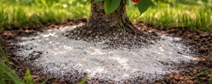 Răspândiți pulberea pe proiecția coroanei, nu doar la nivelul trunchiului.
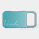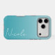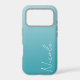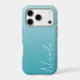 A custom personalised iPhone case in a modern soft teal blue gradient design. The trendy handwriting script font adds a unique touch when adding your name.
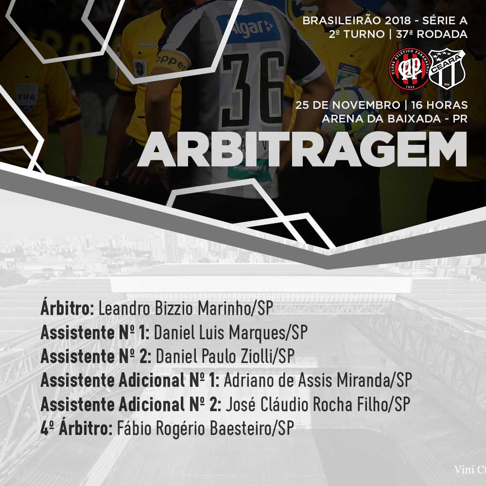 Confira o sexto de arbitragem paulista, que dirige Atlético (PR) x Ceará:
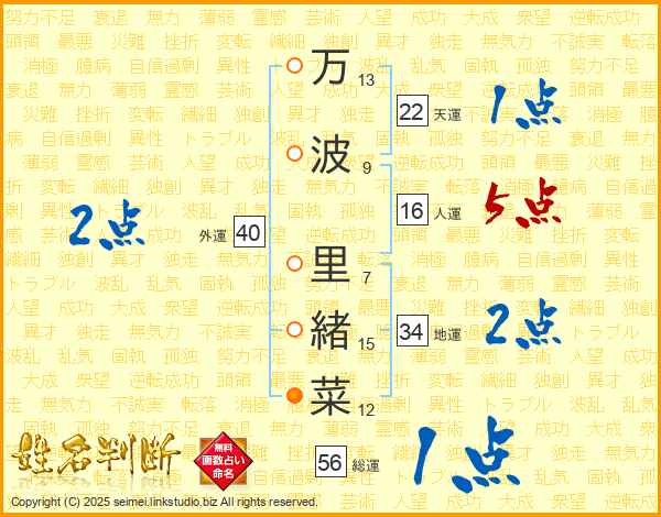 万(13画)波(9画) 里(7画)緒(15画)菜(12画)

→ **Instructions for the task**
Copy out all the data above exactly, pictures excluded.

→ **Answer space**
 Răspândiți pulberea pe proiecția coroanei, nu doar la nivelul trunchiului.
 A custom personalised iPhone case in a modern soft teal blue gradient design. The trendy handwriting script font adds a unique touch when adding your name.
 Confira o sexto de arbitragem paulista, que dirige Atlético (PR) x Ceará:
 万(13画)波(9画) 里(7画)緒(15画)菜(12画)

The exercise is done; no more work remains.